# IntegralBetween yields undefined result

Niek Sprakel shared this question 4 years ago

Hi.

When I was playing around a bit with the IntegralBetween function, I've noticed that

it sometimes yields unexpected results. For instance here:

GeoGebra is happy to compute the integral with limits from -2 to -1/2, but when I try to

compute the integral with limits from 1/2 to 2, it yields "undefined".

Is this some kind of bug?

Kind regards and thanks in advance for any feedback, Niek

I guess that the result is related to your extensive use of floor function, that is semi-continuous.

Use the CAS view to compute it

Oh, sorry. I forgot to change the GUI language. It's the IntegralBetween command.

1

I guess that the result is related to your extensive use of floor function, that is semi-continuous.

Use the CAS view to compute it

Oh, sorry. I forgot to change the GUI language. It's the IntegralBetween command.

1

I see now that you are using GeoGebra Geometry. This app is meant for geometry applications, so doesn't have the CAS engine enabled.

1

Thanks.

When I use GeoGebra Classic though (version 6.0.529.0-w), it seems to make no difference when I open the same ggb file:

I'd like to avoid the floor function, but it seems a bit tricky to find some equivalent expression using

trigonometric functions.

Ah, I see it does work like this: "IntegralBetween(s,p_1,1/2,2,false)", at least to shade the area visually without computing the area numerically.

1

This works for the value if you need that:

`Integral(s(x)-p_1(x), 1 / 2, 2)`

2

Thanks, though I'm primarily interested in the visual pattern. Just to see if GeoGebra could be used to generate visual patterns like this Op Art from Bridget Riley:

https://i.imgur.com/QdxPAPk.jpg

1

You may find inequalities easier for that sort of thing, eg

```x^2+y^2<5 && x>1
```
(then line thickness -> 0)

1

Ah, that might be more convenient indeed, but somehow it doesn't let me rotate the sawtooth wave (probably because it's no longer a function under such a rotational transformation) expressed as an inequality.

https://i.imgur.com/eunyluG.png

1

Hmmm, I guess the most sensible way to obtain the desired results is to simply rotate the svg afterwards in InkScape.

I can't find any way to rotate the black shapes in GeoGebra.

1

Sadly, it seems that GeoGebra has some inherent limitations that seem to rule it out for generating visual patterns with high fidelity.

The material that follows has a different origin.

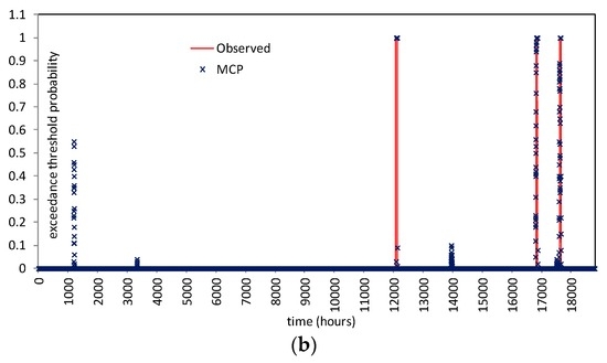 The analysis focuses on the “attention” and “warning” thresholds because the “alarm” threshold is not actually reached during the available dataset. The lead-times of 12 h and 24 h by considering the results of MCP-MT for reach 1 and reach 2, respectively, are selected for the analysis. As for the previous analysis concerning the PU estimate using MCP-MT, we first discuss the results obtained by using the all available dataset for calibration. The study compares the binary observed exceedance, equal to 1 when the observed stage is above the threshold level and equal to 0 when it is below, and the exceeding probability computed by the multi-temporal approach of the MCP-MT within the selected forecast lead-time period. Figure 10 shows the comparison for reach 1 (lead-time = 12 h) and for reach 2 (lead-time = 24 h) for all the available dataset. Specifically, at each time t the displayed value (between 0 and 1) represents the exceedance threshold probability estimated for the next 12/24 h. As it can be seen, when the threshold is really exceeded, the MCP-MT always estimates a probability equal to 1, i.e., provides the certainty of threshold exceeding. When the threshold is not actually exceeded, the processor provides very low probability values, mostly equal to zero. Only in one case, the ETP is found higher than 50% when the threshold is not actually reached (see Figure 10b), however it is worth noting that the maximum observed stage is only 18 centimeters below the threshold level.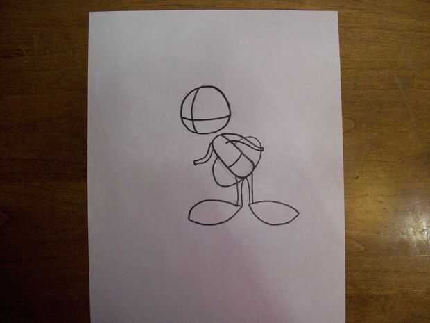 2) dibujar los brazos podría tomar un par de intentos. Los brazos son como las patas - muy flaco. En primer lugar, comience con el brazo izquierdo. Este brazo se dobla a un ángulo de casi 90 grados. El brazo derecho tiene una curva mucho más gradual y aparece más largo. Se refieren a la segunda imagen de ayuda visualizar los brazos.

But perhaps I'm approaching it in the wrong way and GeoGebra can be more suitably used to generate the 3 basic constituent shapes and tiling them manually in InkScape on a hexagonal grid to obtain better results.

1

You can also use the Sequence() command to make such grids Sequence(Sequence(...

https://wiki.geogebra.org/e...

1

Yep, but I didn't see a way to do this such that I would still be able to customize the variations in the pattern. Perhaps a matrix could be used to specify these variations and then the nested Sequence command could obtain the cues from this matrix how to vary the pattern in the grid.

But even if this works and it would make it more convenient to generate the pattern (and perhaps keep GeoGebra nicely responsive because of a more compact formulation), this wouldn't resolve the lack of precision visible in the second screenshot of my previous comment.

1

```this wouldn't resolve the lack of precision
```

If you use a different method to draw the shapes (eg Curve() command) then Sequence(Sequence(Translate(... then I think it will be OK

1

I'll try some additional experiments to see if I can get GeoGebra to generate more precise results, but I've noticed that InkScape is reasonably convenient as well because shapes snap to a hexagonal grid, which makes it fairly easy to create patterns manually. It's also more intuitive if you can just move shapes around to tile them, but GeoGebra has potential to generate patterns mathematically or a more dynamic version where people can interact with the demonstration to vary the patterns.

This version was created in InkScape:

https://i.imgur.com/Aw1cVej.jpg

2

1

Great, thanks. That does indeed seem to yield high-fidelity patterns.